[ASSIGNMENT]: Write out every record below exactly, leaving the pictures out.

[Items listed in a dataset]:
= = = = = = =

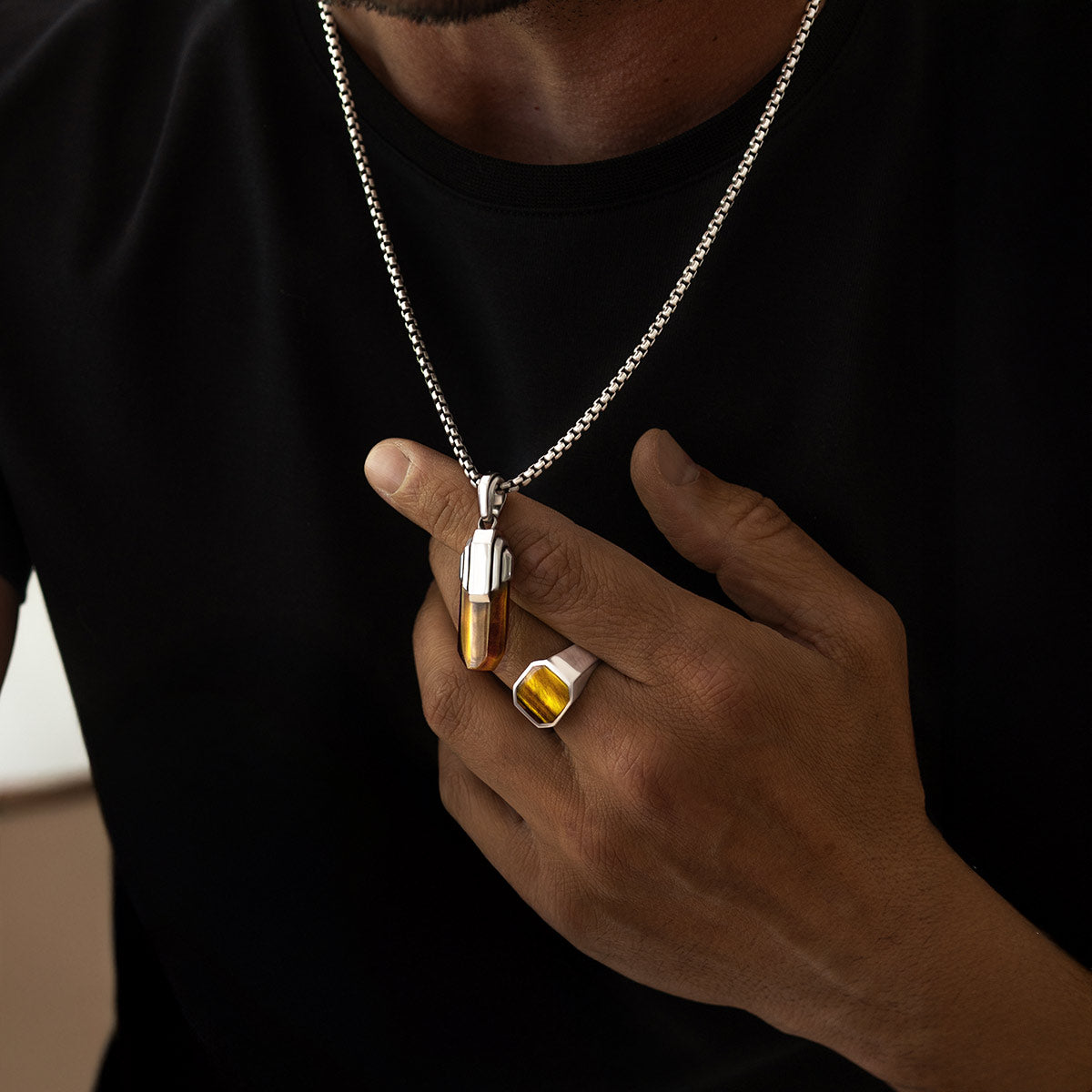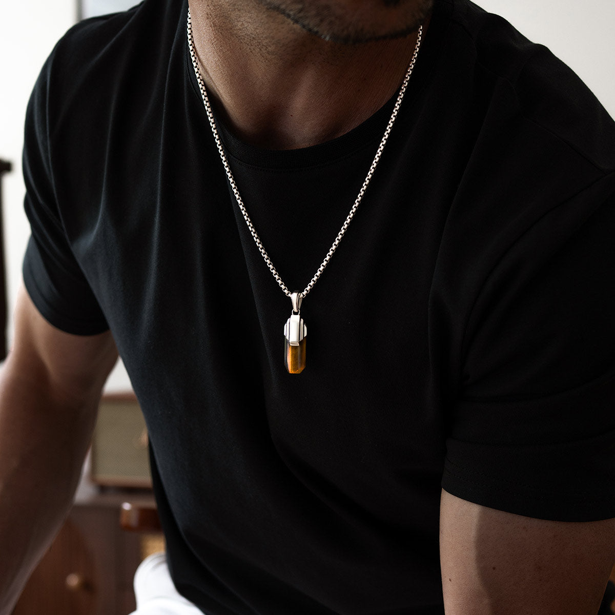 Tahqim - Art Deco Zilveren Tijgeroog Hanger
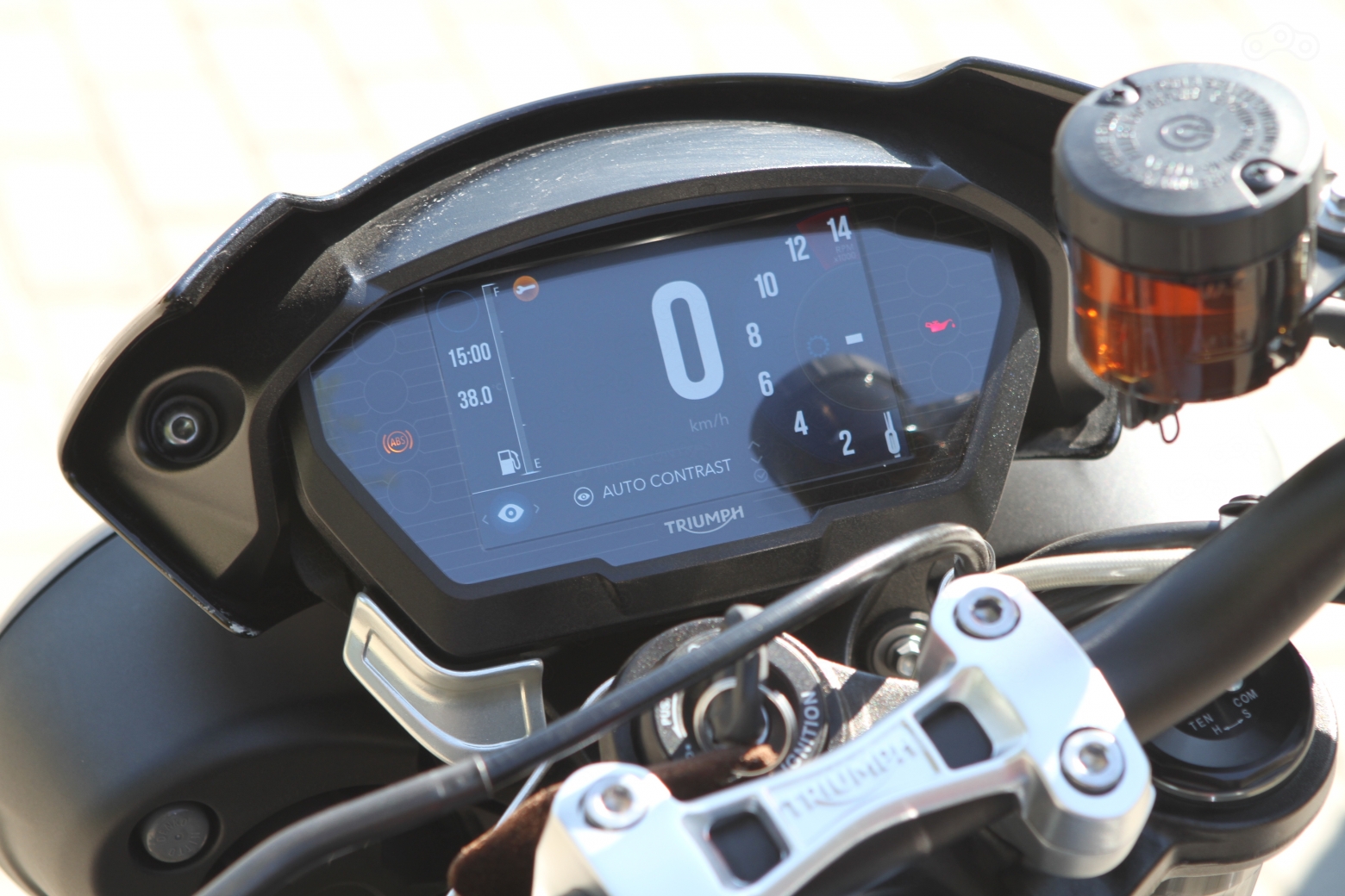И хотя «завтрашним днем» это перестало быть ещё несколько лет назад, свыкнуться с мыслью о том, что я дожил до момента, когда на мотоцикле будет стоять целый компьютер с цветным монитором, пока не выходит. Короче, панель приборов Street Triple впечатляет и функционалом, и графикой. Пока впечатляет, но через несколько лет так будет у всех. Почти так – фирменная «триумфовская» регулировка угла наклона монитора, вероятно, так и останется британской фишкой, очень уж не очевидна её польза.
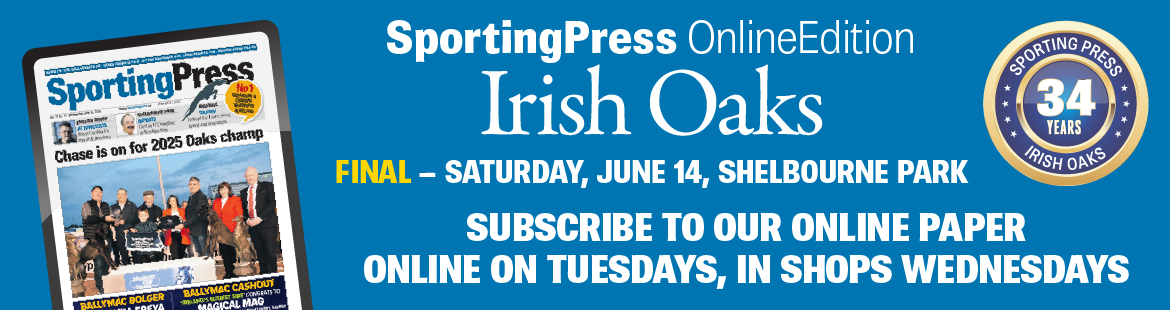 Be sure to pick up a copy of the Sporting Press in store each Wednesday or online from 8pm on Tuesday night on www.SportingPress.ie for all the latest Oaks and Greyhound Racing News.
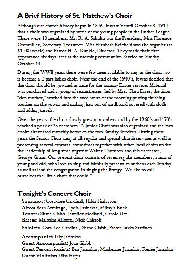 In response to God's love, St. Matthew's is a faith community welcoming all to grow in faith, to worship Christ and to reach out to everyone
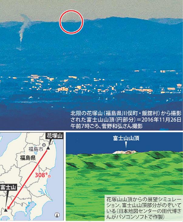 福島県川俣町の登山愛好家が川俣町と飯舘村にまたがる花塚山(919m)で富士山の写真撮影に成功したそうだ。富士山の展望に詳しい日本地図センター常務理事の田代博さんが確認した。富士山からの距離は308kmで理論上は北限とされていたが、写真撮影に成功したのは初めてだそうだ。「花塚山が北限」との理論を証明し、北限の距離を9km更新したが、これまでの北限は二本松市と葛尾村にまたがる日山(1054m)だった。撮影者は唯一残っていた北限の富士が実証されて感無量だと話しているそうです。
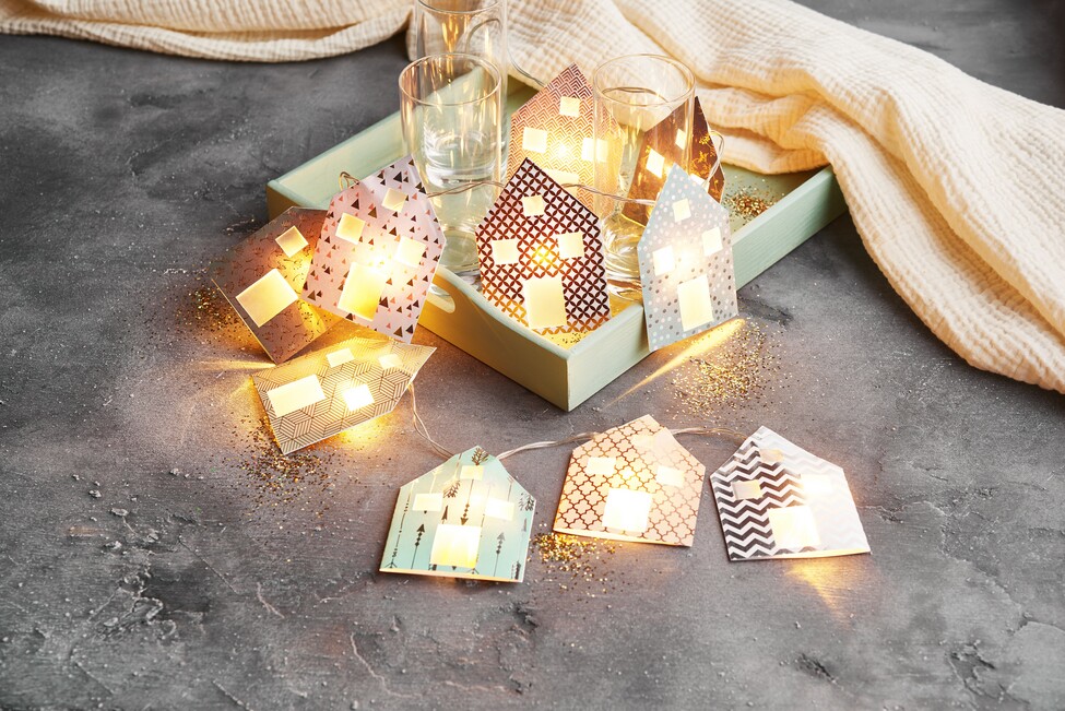 Are you looking for a sparkling and creative decoration idea for your home? Our DIY-Garland of illuminated houses is the perfect choice! With these instructions, you'll learn how to make a wonderful garland of illuminated houses that will bathe every corner of your home in a cozy light. Be inspired by these instructions and discover how easy it is to create something magical.

= = = = = = =

[SOLUTION FOR THIS EXERCISE]:
 Tahqim - Art Deco Zilveren Tijgeroog Hanger
И хотя «завтрашним днем» это перестало быть ещё несколько лет назад, свыкнуться с мыслью о том, что я дожил до момента, когда на мотоцикле будет стоять целый компьютер с цветным монитором, пока не выходит. Короче, панель приборов Street Triple впечатляет и функционалом, и графикой. Пока впечатляет, но через несколько лет так будет у всех. Почти так – фирменная «триумфовская» регулировка угла наклона монитора, вероятно, так и останется британской фишкой, очень уж не очевидна её польза.
 Be sure to pick up a copy of the Sporting Press in store each Wednesday or online from 8pm on Tuesday night on www.SportingPress.ie for all the latest Oaks and Greyhound Racing News.
 In response to God's love, St. Matthew's is a faith community welcoming all to grow in faith, to worship Christ and to reach out to everyone
 福島県川俣町の登山愛好家が川俣町と飯舘村にまたがる花塚山(919m)で富士山の写真撮影に成功したそうだ。富士山の展望に詳しい日本地図センター常務理事の田代博さんが確認した。富士山からの距離は308kmで理論上は北限とされていたが、写真撮影に成功したのは初めてだそうだ。「花塚山が北限」との理論を証明し、北限の距離を9km更新したが、これまでの北限は二本松市と葛尾村にまたがる日山(1054m)だった。撮影者は唯一残っていた北限の富士が実証されて感無量だと話しているそうです。
 Are you looking for a sparkling and creative decoration idea for your home? Our DIY-Garland of illuminated houses is the perfect choice! With these instructions, you'll learn how to make a wonderful garland of illuminated houses that will bathe every corner of your home in a cozy light. Be inspired by these instructions and discover how easy it is to create something magical.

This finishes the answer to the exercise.